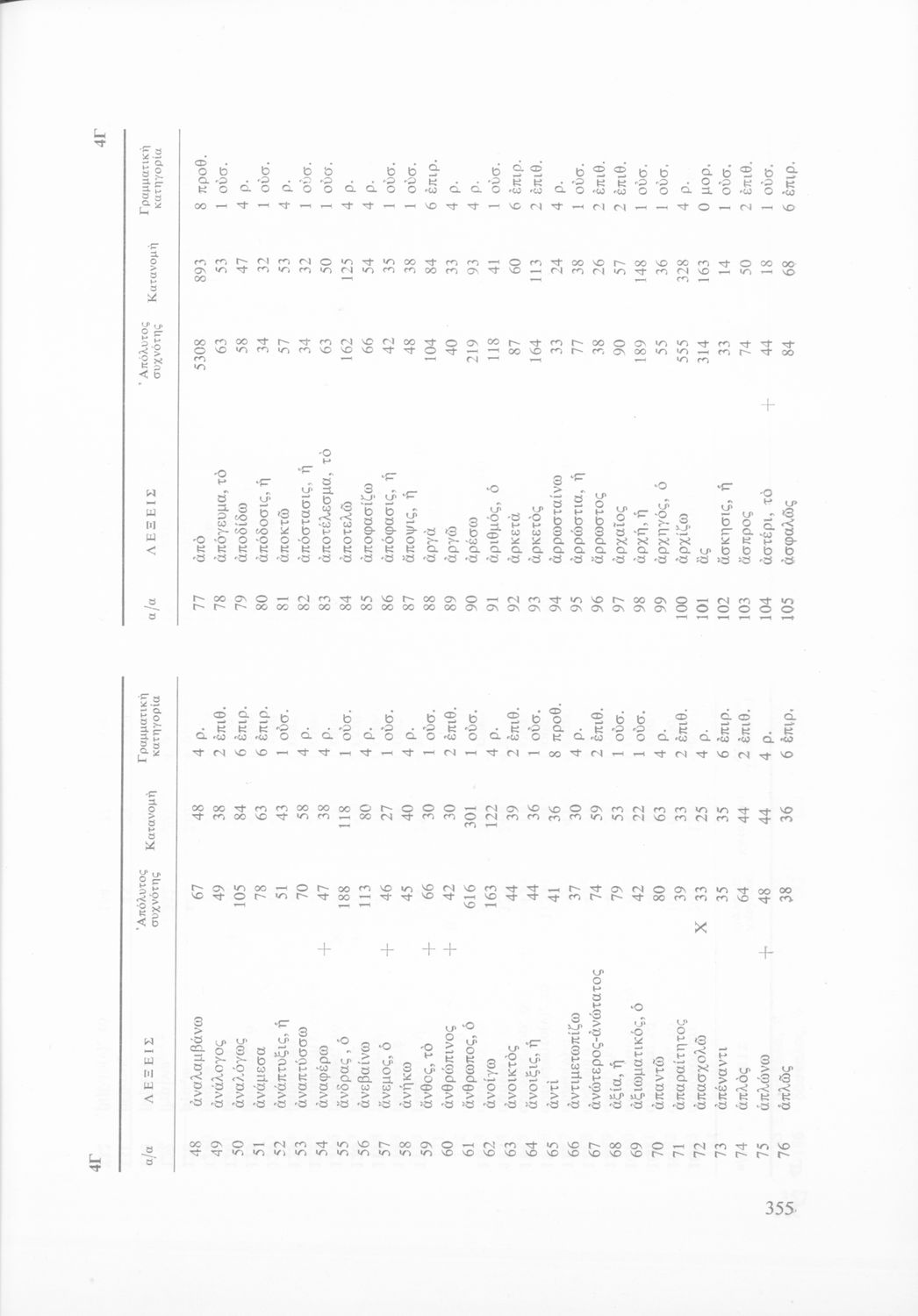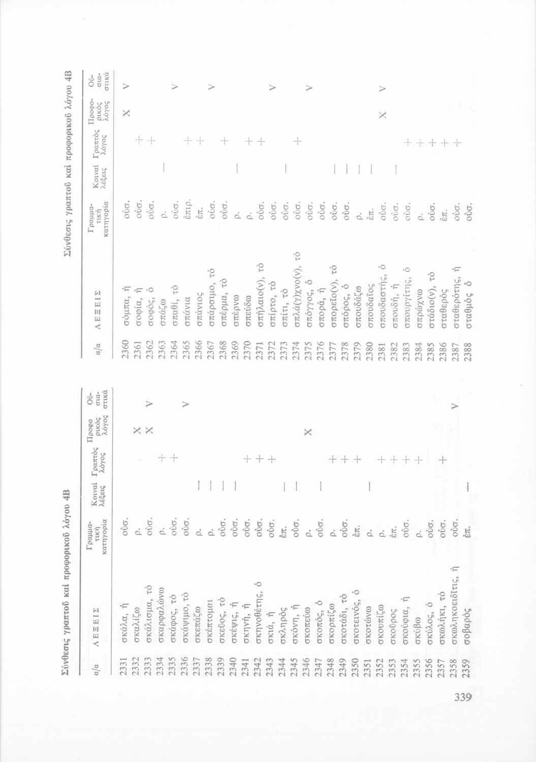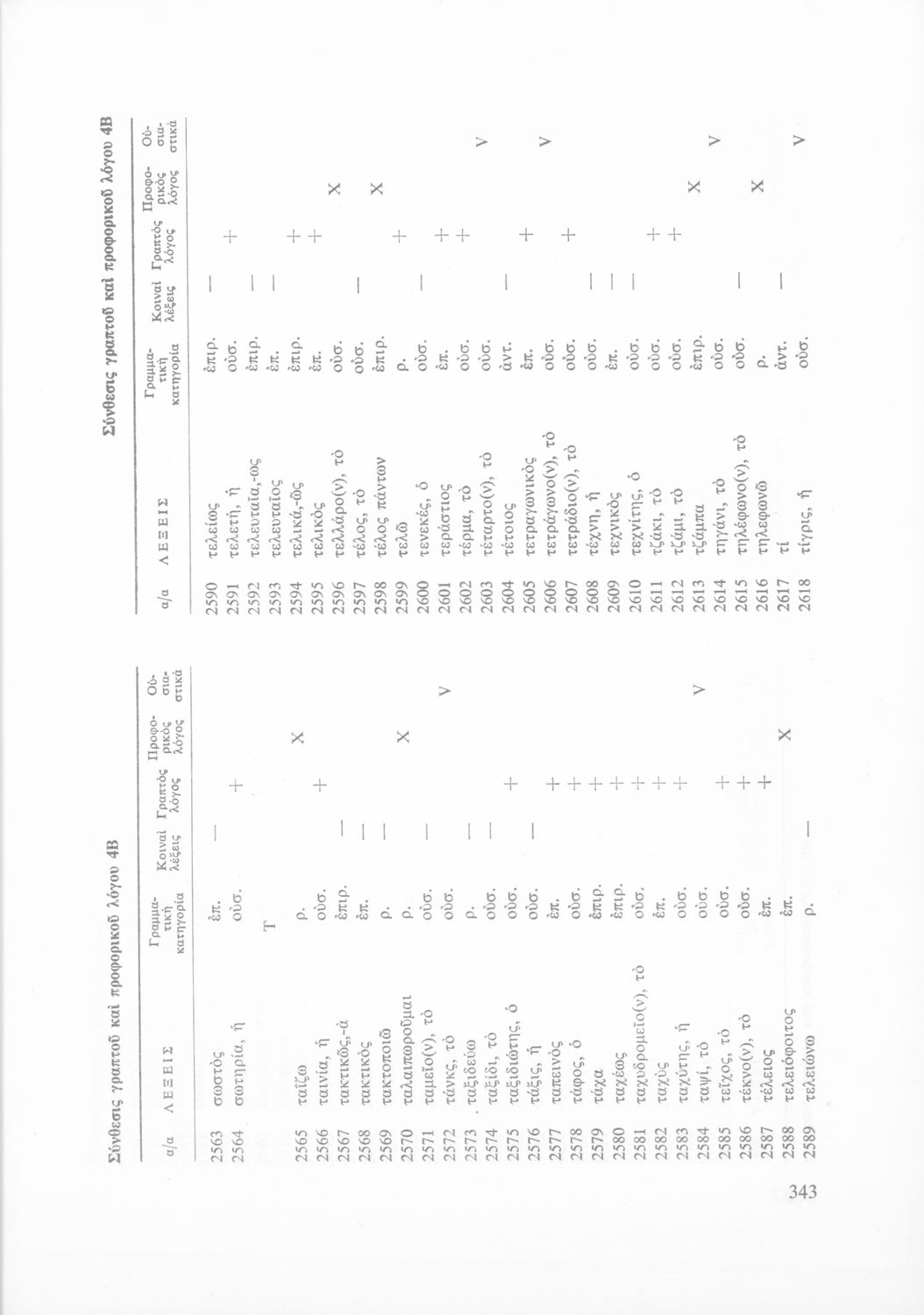Έρευνα πάνω στη νέα ελληνική που αποσκοπεί στην κατάρτιση και διδασκαλία ενός βασικού λεξιλογίου και της ορθογραφίας του. Φέρει το σύμβολο της δικτατορίας.
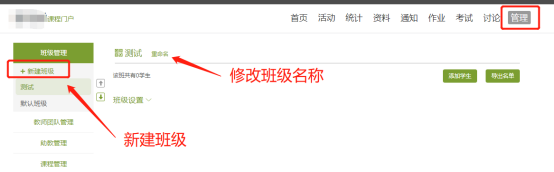 1)电脑登陆后进入课程,依次点击管理,创建班级,添加学生,学生库添加或批量导入。
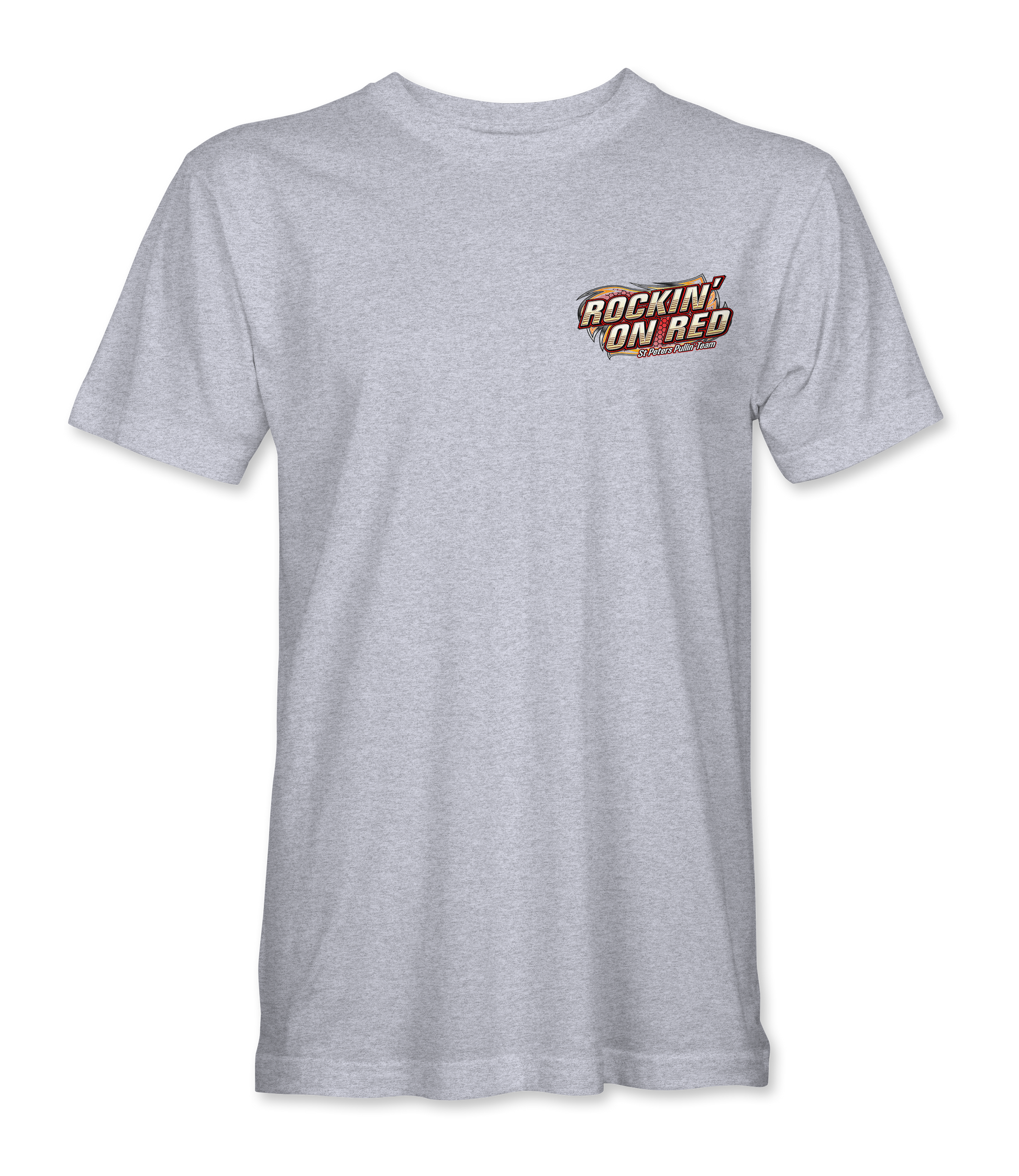 Support Rockin' On Red with their custom apparel! Available in Black, Sport Gray and White. Graphics are direct to garment printed with a left chest image and a full back image.
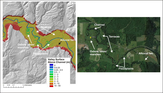 Figure 6. NetMap's valley floor mapping tool, particularly in concert with LiDAR DEMs, can be used to identify oxbow lakes, cutoff meanders, side channels, floodplains, marshes and alluvial fans.
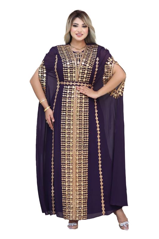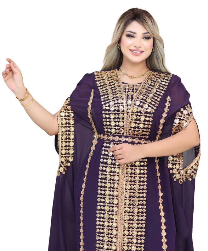 ELASLY Store - عباية استقبال , الخامة شيفون , تتميز بتطريز ذهبي أنيق ، مكون من 3 قطع ( عباية , تلبيسه , حزام ) , موديل 2061
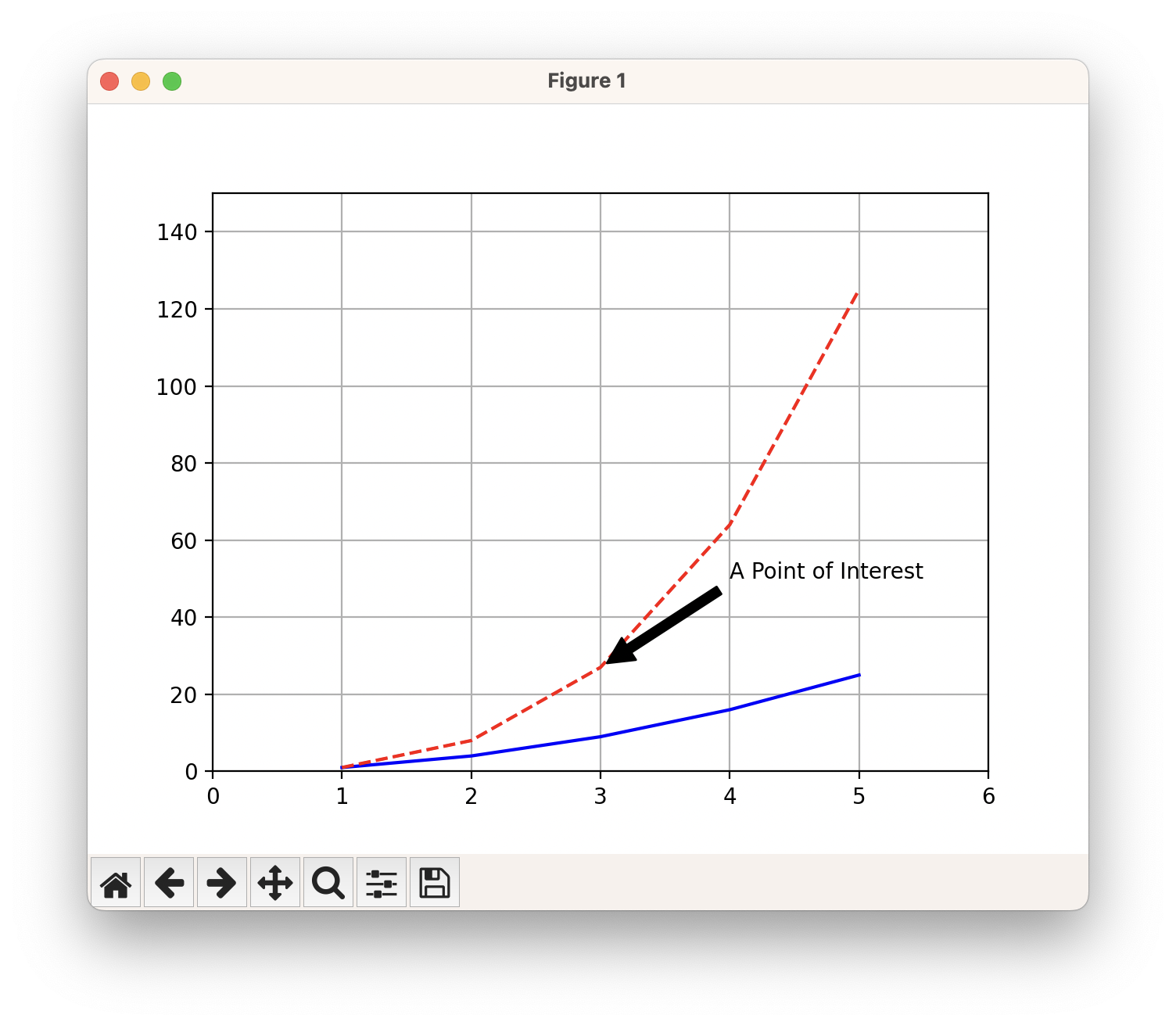 plt.annotate("A Point of Interest", xy=(3, 27), xytext=(4, 50), arrowprops=dict(facecolor='black', shrink=0.05))

------------------------------------------------------------------------

#### Description of the task
Omit all pictures, and repeat exactly the lines from the line containing "ELASLY Store - عباية" through the end of the data.

#### Answer box
 ELASLY Store - عباية استقبال , الخامة شيفون , تتميز بتطريز ذهبي أنيق ، مكون من 3 قطع ( عباية , تلبيسه , حزام ) , موديل 2061
 plt.annotate("A Point of Interest", xy=(3, 27), xytext=(4, 50), arrowprops=dict(facecolor='black', shrink=0.05))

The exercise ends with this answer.